VI. Factor 6: Ease or Difficulty of Proper Acquisition/Duplication
On the sixth factor, whether others can properly acquire or duplicate the information, the Court rejected Defendant’s claim that the OPA authorized disclosure “to the world.”[14] The OPA permitted duplication only “for private use,” allowed exhibitions/playing in limited settings “not customarily used as venues for large musical concerts,” and required any sale to be “under the same terms and conditions.”[15] The Court emphasized the distinction between playing the album in controlled settings and disclosing or transferring the underlying data/files in a way that enables uncontrolled acquisition or distribution by others. Given the tight contractual limits and the one‑copy structure, the Court found the album remained “cloaked with a ‘substantial element of secrecy.’”[16]
VII. Holding
Acknowledging that “whether the Album, and the information contained therein, is a trade secret is a question of fact,” the Court held that Plaintiff plausibly alleged a protectable trade secret.[17] The motion to dismiss the trade secret claims was therefore denied.
VIII. Conclusion
The decision signals that courts may recognize trade secret protection for nontraditional, creative assets when their market value is intrinsically tied to secrecy and exclusive control, provided owners can plausibly allege reasonable secrecy measures and a business model that monetizes exclusivity rather than public release.

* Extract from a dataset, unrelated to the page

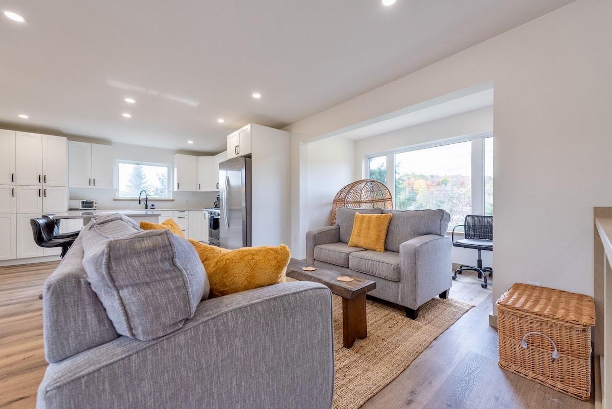 PLEASE READ! Mt. St. Louis & Horseshoe Valley at doorstep! This is a bright, large and private walk-out GUEST SUITE (basement apartment). Hot tub, patio, fire pit & secluded path in the woods to enjoy nature. Kitchen is equipped with an induction cooktop and all things necessary, even wine bottle opener:) Open concept living room/kitchen/dining room with TV & Roku. Bedroom is a work of Art: dark, mysterious and romantic! Custom Queen bed made from weathered barn wood salvaged from our property.
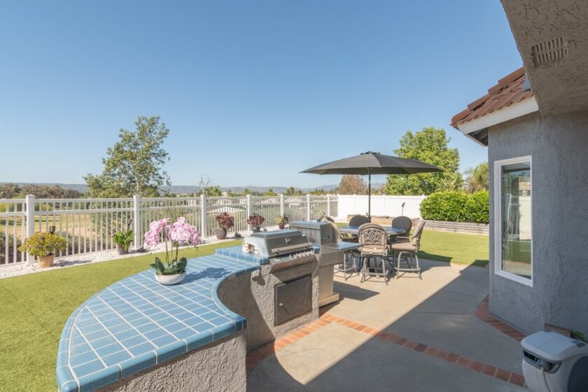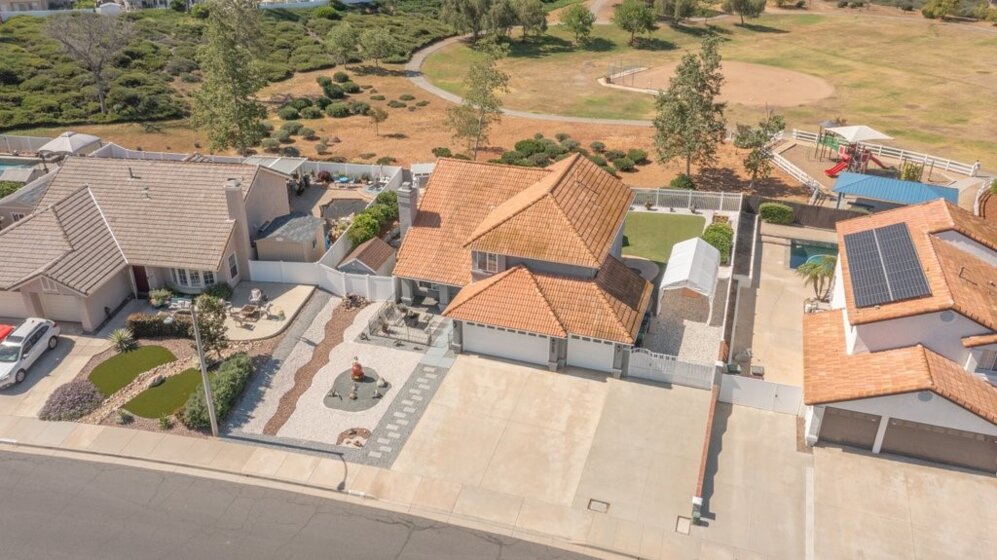 View lot overlooking Rancho Acacias Park! 4 bedroom, 2 ½ bathroom home located in a highly desired Murrieta neighborhood near top rated schools, shopping, and dining. Conveniently located with quick access to both I-15 and I-215. Large backyard with gazebo which overlooks the Park. White kitchen cabinets, kitchen sink and breakfast nook overlook views of the park. Generous primary suite with walk in closet. UV Dual Pane windows, plantation shutters, ceiling fans throughout, Murphy bed, wood burning fireplace. Outdoor grilling area, RV parking, vinyl fencing. Fruit trees (navel, Valencia, tangerine, grapefruit and two lime trees) and raised garden beds. Freshly painted interior and exterior. Low-maintenance landscape design with artificial turf in the backyard. Three car garage, Shed included. Perfect for outdoor entertainment. No HOA and low taxes.

Cullen and Dykman’s Intellectual Property team continues to monitor important developments in trademark and copyright law. Should you have any questions about this legal alert, please feel free to contact Karen Levin (klevin@cullenllp.com) at (516) 296-9110, Ariel Ronneburger (aronneburger@cullenllp.com) at (516) 296-9182, or Jordan Milite (jmilite@cullenllp.com) at (516) 296-9128.
This advisory provides a brief overview of the most significant changes in the law and does not constitute legal advice. Nothing in this advisory creates an attorney-client relationship between the sender and recipient.
Footnotes
[1] PleasrDAO v. Shkreli, No. 24-CV-4126 (PKC) (MMH), 2025 WL 2733345 (E.D.N.Y. Sept. 25, 2025).
[2] Id. at 2.
[3] Id. at 2-4.
[4] See id. at 8-9.
[5] Id. at 5-7.
[6] Id. at 7.
[7] Id. at 8.
[8] Id.
[9] Id. at 9.
[10] Id. (citing Negative, Inc. v. McNamara, 770 F. Supp. 3d 472, 479 (E.D.N.Y. 2025)).
[11] PleasrDAO, No. 24-CV-4126 (PKC) (MMH), 2025 WL 2733345, at 9.
[12] Id. (“Plaintiff’s business is one that ‘collects . . . culturally significant media and materials with the intent of creating ecosystem experiences that encourage participation and interaction throughout the United States and other countries.’”)
[13] Id. at 10 (i.e., distinguishing Paisley Park Enters., Inc. v. Boxill, 253 F. Supp. 3d 1037, 1041, 1046 (D. Minn. 2017)).
[14] PleasrDAO, No. 24-CV-4126 (PKC) (MMH), 2025 WL 2733345, at 10.
[15] See id. at 9, 11.
[16] Id. at 11 (citing Broker Genius, Inc., 280 F. Supp. 3d at 514 (quoting A.H. Emery Co. v. Marcan Prods. Corp., 389 F.2d 11, 16 (2d Cir. 1968))).
[17] PleasrDAO, No. 24-CV-4126 (PKC) (MMH), 2025 WL 2733345, at 11.